Friday, March 27, 2009

Dare to be a Kitchen Hero

Recently in the Land of St. Honore’, a Daring Baker of the female persuasion looked around the kitchen to make sure that she had all of the pots and pans, spoons and whisks, rolling pins and piles of ingredients she needed for the March challenge.

The March 2009 challenge is hosted by Mary of Beans and Caviar, Melinda of Melbourne Larder and Enza of Io Da Grande. They have chosen Lasagne of Emilia-Romagna from The Splendid Table by Lynne Rossetto Kasper as the challenge.

The most important part of this challenge is the hand-made Spinach Egg Pasta. She is also going to use Lynne’s recipes for béchamel (white) sauce and her own zucchini based turkey ragu.

It was a new kitchen, so she wanted to be prepared. Her children watched in awe as she spun around, faster and faster and when she stopped she had on a red hat and was holding her scale.

She measured the pasta ingredients, grabbed her bench scraper and a wooden spoon and mixed together the green, sticky pasta dough with her bare hands.

Such fun! She let the kids help with the kneading so everyone could have greenish hands.

Once the dough was set aside to rest it was time for her next transformation.

First she gathered the Béchamel sauce ingredients and pot by the stove, then spun around and around in a blur and when she stopped she had on a slinky turquoise dress and carried her trusty whisk. The children’s eyes nearly popped out of their heads. Béchamel sauces need a lot of whisking, so she shared that task with the kids, too.
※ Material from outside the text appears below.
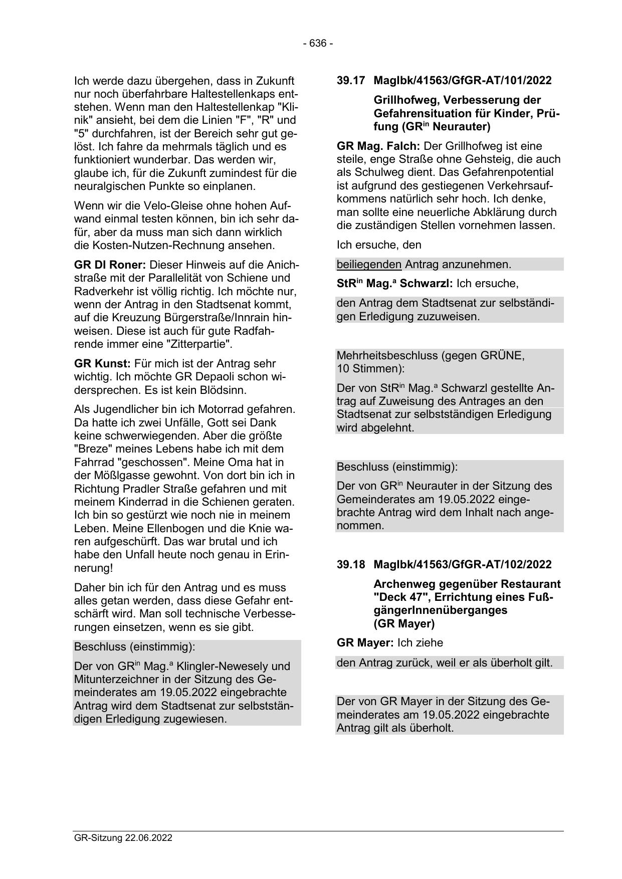 Der von GR Mayer in der Sitzung des Gemeinderates am 19.05.2022 eingebrachte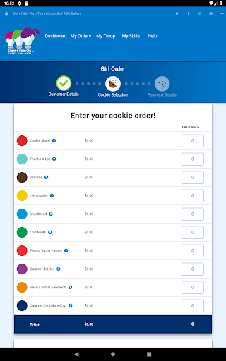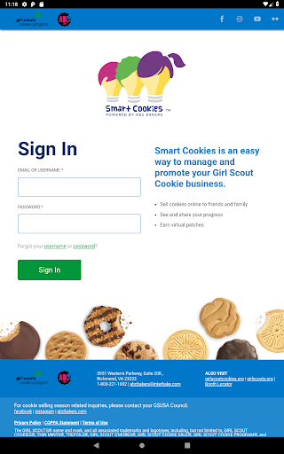 To use this app, Girl Scouts must have a valid username and password on Smart Cookies (ABC Bakers’ Cookie Command Center), available exclusively at abcsmartcookies.com. Smart Cookies Mobile allows girls to sell Girl Scout Cookies and track sale progress right from their mobile device!

The day before she had partnered with her friend, The Mighty Flame, after she donned her ninja outfit and chopped up the zucchini for the ragu. Today he was helpful again with the Béchamel, but the kids kept their distance since he was so hot. She would never tell them just how hot…too much information.

While the kids took a nap, she returned to her normal appearance and made good use of her rolling pin, starting with snake shaped pieces of the dough

and ending up with long, thin, narrow sheets of green specked pasta, piled up on the counter with plastic wrap in between.

Time for a cup of tea and a salad for sustenance! Making lasagna noodles took real effort.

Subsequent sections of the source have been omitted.